Singles from Let It All In
- "Hold Back the Night" Released: 5 November 2012; "These Days Are Mine" Released: 14 January 2013; "Some Better Day" Released: promo only;

= Let It All In =

Let It All In is the sixth and final studio album by English rock band I Am Kloot. Like the previous one, this record was produced by Guy Garvey and Craig Potter of the band Elbow. It was released on 21 January 2013. On 27 January, the album debuted at #10 in the UK Albums Chart and at #1 in the Official Record Store Chart.

On 14 January 2013, the album began streaming for free on the guardian.co.uk website.

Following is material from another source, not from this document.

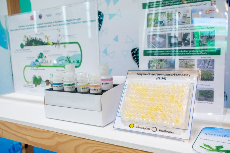 ผู้ช่วยศาสตราจารย์ ดร.เชาวรีย์ อรรถลังรอง ผู้อำนวยการ ไบโอเทค สวทช. กล่าวถึงผลสำเร็จของการวิจัยและพัฒนาในภาคมันสำปะหลังว่า “ความร่วมมือที่มีมายาวนานระหว่าง ไบโอเทค สวทช. และ มจธ. นำไปสู่งานวิจัยที่เป็นประโยชน์ต่อประเทศและภูมิภาคเอเชียตะวันออกเฉียงใต้ ที่นำไปใช้ประโยชน์ได้จริงมากมาย อาทิ ส่วนต้นน้ำ มีการพัฒนาสายพันธุ์มันสำปะหลังที่ให้ผลผลิตสูง ไซยาไนด์ต่ำ เช่น พันธุ์พิรุณ 1, 2 และ 4 ชุดตรวจวินิจฉัยโรคใบด่างมันสำปะหลังและการประยุกต์ใช้เพื่อเฝ้าระวังและจัดการควบคุมโรค ส่วนกลางน้ำ มีการดำเนินงานวิจัยกลางน้ำ เพื่อเพิ่มประสิทธิภาพด้านการจัดการและการใช้ประโยชน์จากทรัพยากรมันสำปะหลัง รวมถึงการจัดการของเสีย (waste management) ที่เกิดขึ้น เช่น เทคโนโลยีในการเพิ่มความเข้มข้นและทำความสะอาดแป้งโดยเทคโนโลยีไฮโดรไซโคลนประสิทธิภาพสูง และเทคโนโลยีการผลิตก๊าซชีวภาพประสิทธิภาพสูงจากกากมันสำปะหลัง ส่วนปลายน้ำ มีการพัฒนาเทคโนโลยีกระบวนการผลิตทรีฮาโลสจากมอลโตสโดยใช้เอนไซม์ Trehalose synthase แบบขั้นตอนเดียว ซึ่งเป็นกระบวนการที่ง่าย ไม่ซับซ้อน และให้ผลผลิตสูง โดยใช้วัตถุดิบคือแป้งมันสำปะหลังในการนำมาเปลี่ยนเป็นน้ำเชื่อมมอลโตส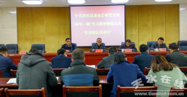 11月4日下午,清水縣委辦公室黨支部開展“黨員固定活動日”活動,認真學習十八屆六中全會上審議通過的《關(guān)于新形勢下黨內(nèi)政治生活的若干準則》和《中國共產(chǎn)黨黨內(nèi)監(jiān)督條例(試行)》,并以“如何立足本職崗位,發(fā)揮先鋒模范作用”為主題做專題研討,全體黨員圍繞貫徹十八屆六中全會精神做了交流發(fā)言?h委副書記張濤出席會議,縣委辦支部全體黨員參加會議。

Later, at an unknown time, the widget that provided the stream stopped working.

The first single promoting the album, "Hold Back the Night", had its radio premiere and a video premiere on 1 October 2012. However, the video clip "leaked out" a day early (on 30 September 2012).

The second single from the album is the song "These Days Are Mine". The music video for it was released on 26 November 2012. The single was released on 14 January 2013.

The video for "Some Better Day" features John Simm and was released on 8 February 2013.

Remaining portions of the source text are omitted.